Beta cloth is a type of fireproof PTFE impregnated silica fiber cloth used in the manufacture of Apollo/Skylab A7L space suits, the Apollo Thermal Micrometeoroid Garment, the McDivitt Purse, and in other specialized applications.

Beta cloth consists of fine woven silica fiber, similar to glass fiber. The resulting fabric does not burn, and melts only at temperatures exceeding 650 °C. To reduce its tendency to crease or tear when manipulated, and to increase durability, the fibers are coated with Teflon.

==Details==
The tight weave of Beta cloth makes it more resistant to atomic oxygen exposure. Its ability to resist atomic oxygen exposure means it is commonly used as the outer-most layer of multi-layer insulation for space; it was used on the Space Shuttle and the International Space Station.

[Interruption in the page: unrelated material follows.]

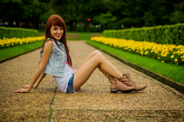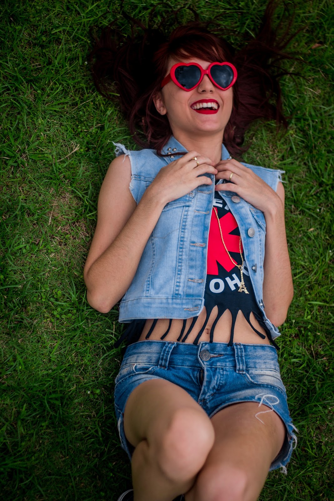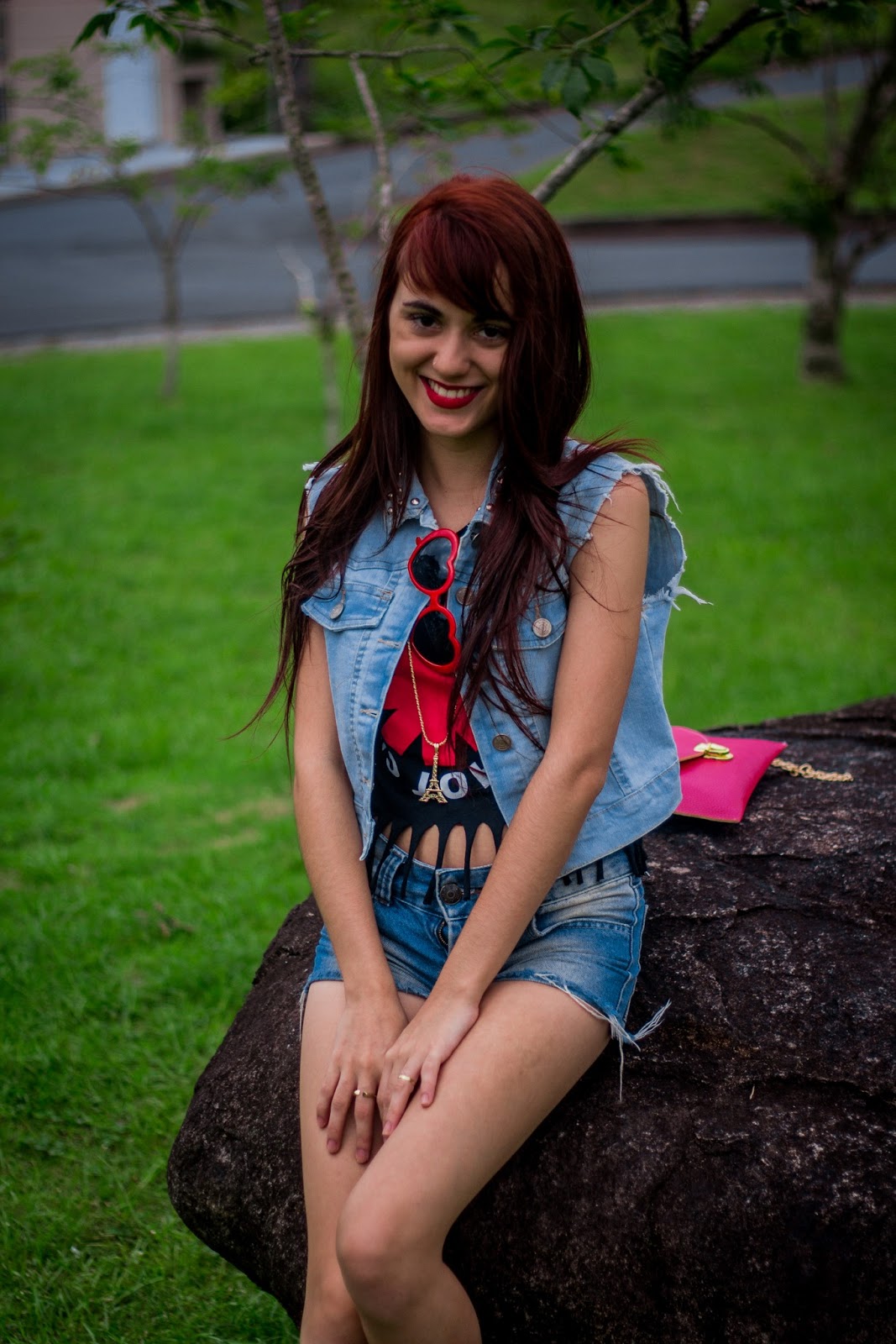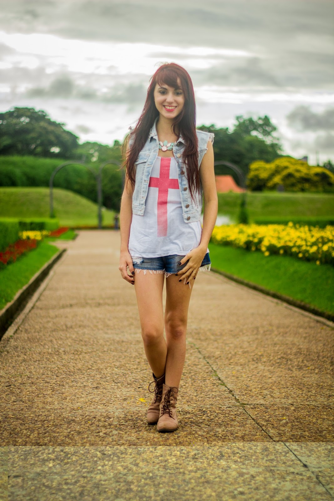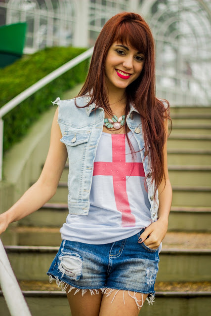 Eu usei: Regata branca de crucifixo rosa (Renner, coleção de verão), Colete Jeans com tachas (Renner, coleção nova), Short Jeans Boyfriend (Loja Moça Bonita – Joinville), Botinha marrom (Bottero), Maxicolar Candy Color (Ludora Boutique), Esmalte Jabuticaba (Abelha Rainha), Batom Lip Cream (Addis Ababa – NYX).

It was incorporated into NASA space suits after the deadly 1967 Apollo 1 launch pad fire, in which the astronauts' nylon suits burned through. After the fire, the Apollo 204 Review Board that was assigned to investigate the accident recommended that any potentially combustible materials be removed and replaced by non-flammable materials from both the spacecraft and space suits. Beta cloth was developed by a Manned Spacecraft Center team led by Frederick S. Dawn and including Matthew I. Radnofsky working with the Owens-Corning and DuPont companies.

Where additional wear resistance was needed, external patches of Chromel-R metallic cloth were used.

Beta cloth was used as the material for the Skylab shower enclosure.

The interior of the Space Shuttle payload bay was almost completely covered with Beta cloth. This protected it while it was opened for weeks at a time in space.

Beta cloth is used on the Curiosity Mars rover.